Forks is the answer to what is the main reason to use J, IMO. Unfortunately, the parsing and readability rules force you to understand and memorize hooks as well, and adding complexity without much benefit.
If you only use forks and never use hooks, then your code is much more readable because you don't have to count the number of verb phrases in a parenthesis to know how to parse it. More importantly, you don't need to remember/keep looking up how hooks are applied.
Forks have a pretty simple application rule that is consistent and natural in the monad and dyad case.
Applying a verb monadically even if it is parsed as dyad
f@]
will give the result of f y, even if it is called as x f y.
- 2 +@] 3
3
hook refresher
(f g) y --> y f (g y)
x (f g) y --> x f (g y)
Equivalent forks to hooks
(f g) y --> (] f g) y
x (f g) y --> x ([ f g@]) y
It turns out that a single conversion is possible for both the monad and dyad cases, but its rare that a hook (or fork for that matter) has an obvious sense for both its monad and dyad case, and so I prefer to tailor syntax to its intended use. The common conversion of a monadic and dyadic hook is the dyadic one:
(f g) --> ([ f g@])
This works for the monad case as well because [ y --> y.
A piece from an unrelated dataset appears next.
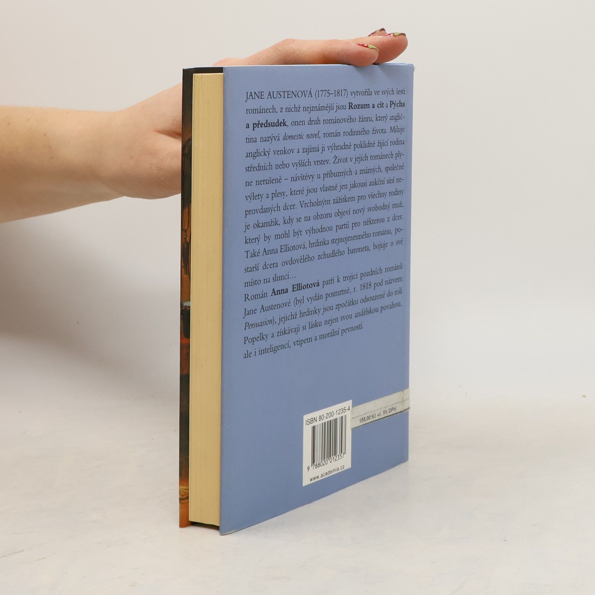 Román Anna Elliotová patří k trojici pozdních románů Jane Austenové (byl vydán posmrtně, r. 1818 pod názvem Persuasion), jejichž hrdinky jsou zpočátku odsouzené do rolí Popelky a získávají si lásku nejen svou andělskou povahou, ale i inteligencí, vtipem a morální pevností. Přeložila Eva Ruxová.

Even if you like to continue to use hooks, these conversion concepts can help you build longer trains where the hooks are not limited to the leftmost position. Understanding the conversion techniques can also let you modify the mechanics of forks. For instance:
(f x) h (x g y) --> x (f@[ h g) y
The main reason I hate hooks is that if I haven't looked up the definition in a while, though hooks have been defined with the arguably most useful semantics, an alternately natural verb execution/definition for x (f g ) y is f x g y
f x g y --> x ([: f g) y
y f x g y --> (] f g)
x f x g y --> ([ f g)
Thinking with forks only I believe lets me focus better on a problem without considering how to try to force the solution into a hook. It lowers my fear of dyads, because each side of a fork has easy flexibility to to use any part of the fork's dyadic arguments in any order.
If the language designers were to remove hooks from the language, the most natural re-definition of the verb (f g) would be ([: f g). That is a fork (or train) with no left most operand. There would no longer need to mention a higher train concept. For readability purposes, the right most (g) verb in a fork/train would always be (x if dyad) g y. the 2nd rightmost (f) verb would parse identically as ... f (x if dyad) g y. The presense or absense of a leftmost 3rd verb would immediately identify whether f is applied monadically or dyadically.